Sue: Katie doesn’t receive a full funding as part of the contribution the government provides to individualized funding and so we’ve had to be resourceful and innovative and looking at the different ways in which Katie can live well and live safely, and so we leave half our gaps between when a person comes into Katie’s home to support her and halve our gap before the next person arrives. So that in anyone part of the day for one and a half to two hours where Kate is unsupported. Now there are some very real risks associated with that; the planned risks, the calculated risks – so far nothings happened and what Katie demonstrated to us that she is perfectly happy and enjoys having her own home where there’s no one in there with her. And she is quite capable of getting on and doing what she needs to do and (you know) looking after herself spending time doing what she enjoys doing.

Andi: Very difficult, so having an invitation where someone just treats you with kindness and they open their arms and welcome you in when you are just confused. It’s just the best feeling to have someone saying it's okay “It’s okay we can help you, and what questions do you have? We can help you with everything you need”  which is what  Plumtree did.

Sam and Stephen: What I learnt in the process was that its okay to ask for help and to be a bit boldy? Asking for help. One of the carers doesn’t turn up. You know its normally okay, (you know) just shrugged my shoulders and we’d go perhaps go for a few weeks, no no, a couple of weeks like that or but the navigator made us aware that we must you know always follow up and make sure we have help.

Phillipa: This week she had athletics and she loves running and loves being outside and she participated and came fourth in the running race, and she just loved it and she just loves being with the other children, her social skills have improved so much since she has started school…. Umm yeah.. so yeah…  Its been pretty cool.
Joanne: We’ve actually had the space to say what do we want and we didn’t actually focus on what resources that we had, we focused on what does Jack need, what do we need.
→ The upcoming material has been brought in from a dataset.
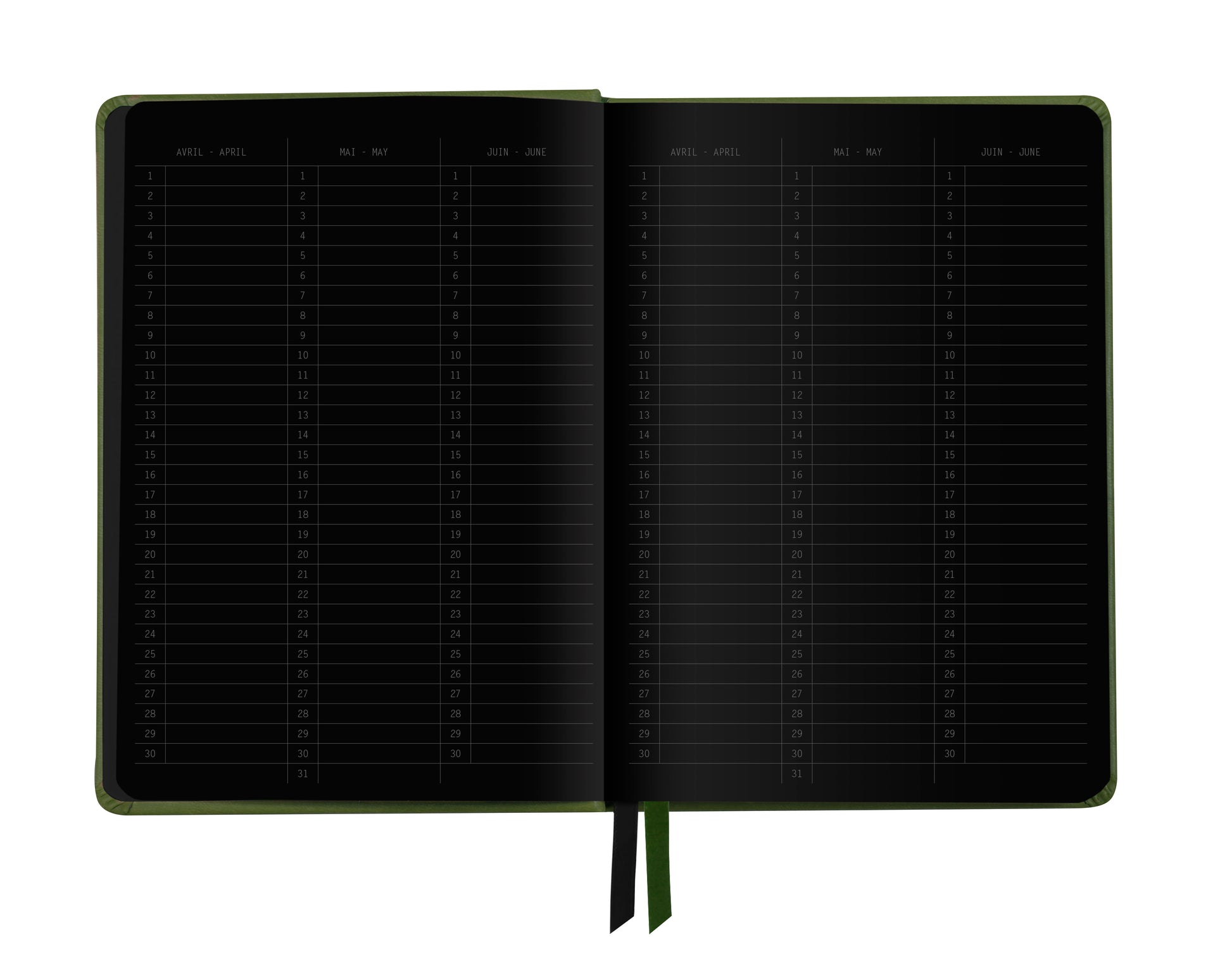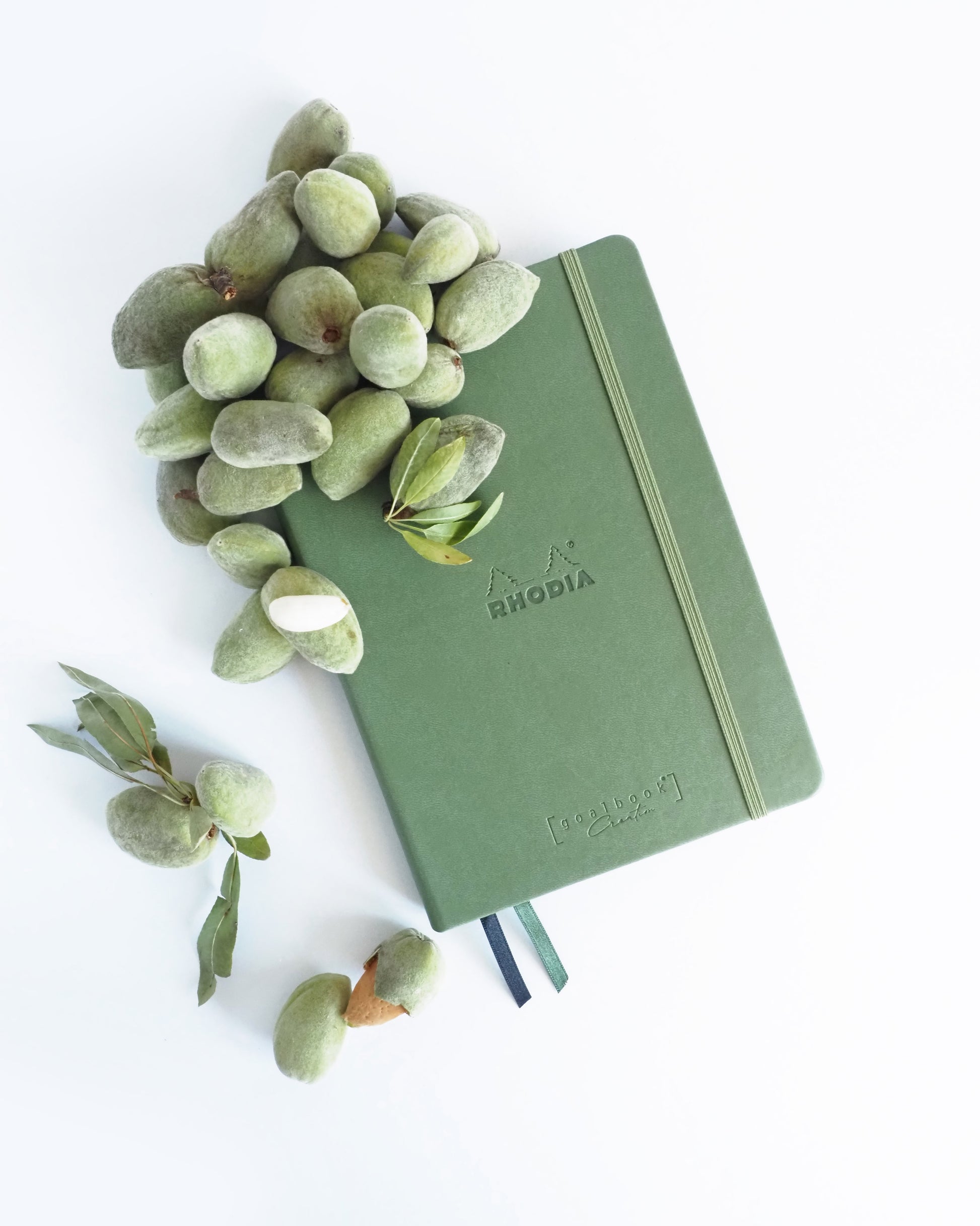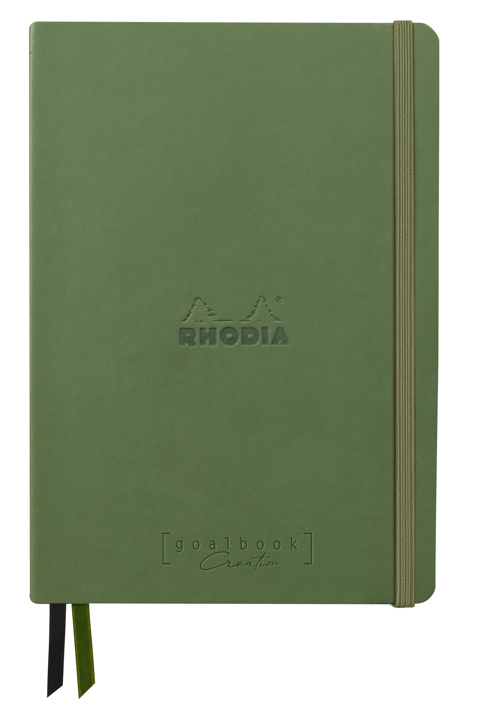 Clairefontaine Rhodiarama Creation Dot Goalbook A5 Sage 194445C. 160 pages (80 sheets). Hard cover backed in Italian leatherette. 6 Page index. Quality 120gsm numbered sheets of black Maya paper. Two perpetual calendars for organisation.
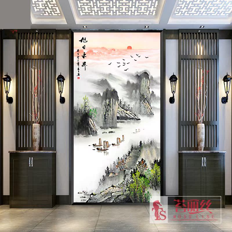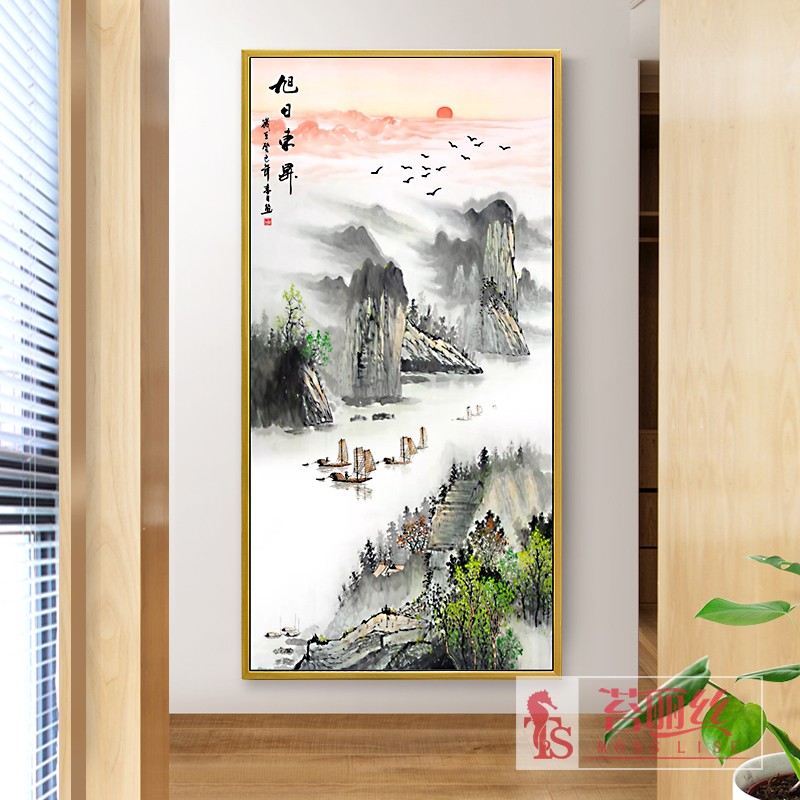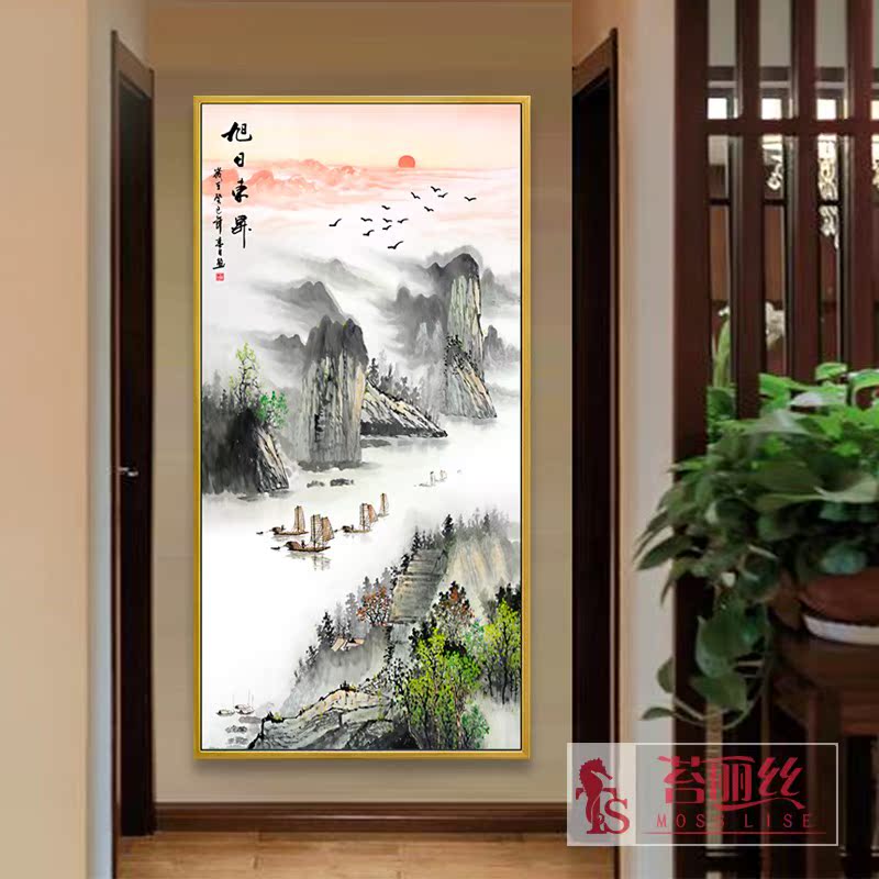 新款5d鉆石畫滿鉆旭日東升客廳現代中式玄關豎版山水畫點鉆十字繡1入

Jennifer: The people that worked with whom have always had high goals for her looking towards what would happen when she leaves school identifying her strengths and just steering her towards the areas of her life that could be more meaningful as you grow older, so as a result of that even when while she was still at school, she was trained in the library, computing, shelving the books and just all the things that go with running the school library, so some of her jobs at the moment are in the local primary schools, she works in several primary schools and she is very much loved by the children. Yeah she can run the library without any other adult there.

Phillipa: I would just say, give it a go…. You don’t know what is going to happen until you start, and until you start… you are always going to be worried. So I think just try it, you can always pull them out of school if it is not working. Umm yeah, just have a go.

Lawrence: You would say it is a very challenging experience and a very fulfilling experience and for a family to look at if you do not feel that you have the “know how” or you do not have the connections… Just take one step at a time and be brave. I used to meet a different family by attending the workshops seminar and then connecting with people and I used to mention to them that “you are very brave” and you know, you got to be bold and brave, every step you take – please do not assume that you will 100% achieve it but you can fall down many times, you fall down ten times and get up one time and I think that is a huge big success you know, so over the years you will be getting better and better and then you will be surprised by the number of people wanting to help you, who are surrounding in your area or in your community and they will be most willing to help. – Just look at my case you know: I come here on a very minority perspective, but when you sort of not say no, you don’t want to take that in account… you just part and parcel of the whole landscape in your community, you know… all you have to do is be brave and ask… you can.

Kahu: [shows her ear] Ear…. To listen inside… in a “hearing” and that is a “Rongo”  (in maori translation). Thank you.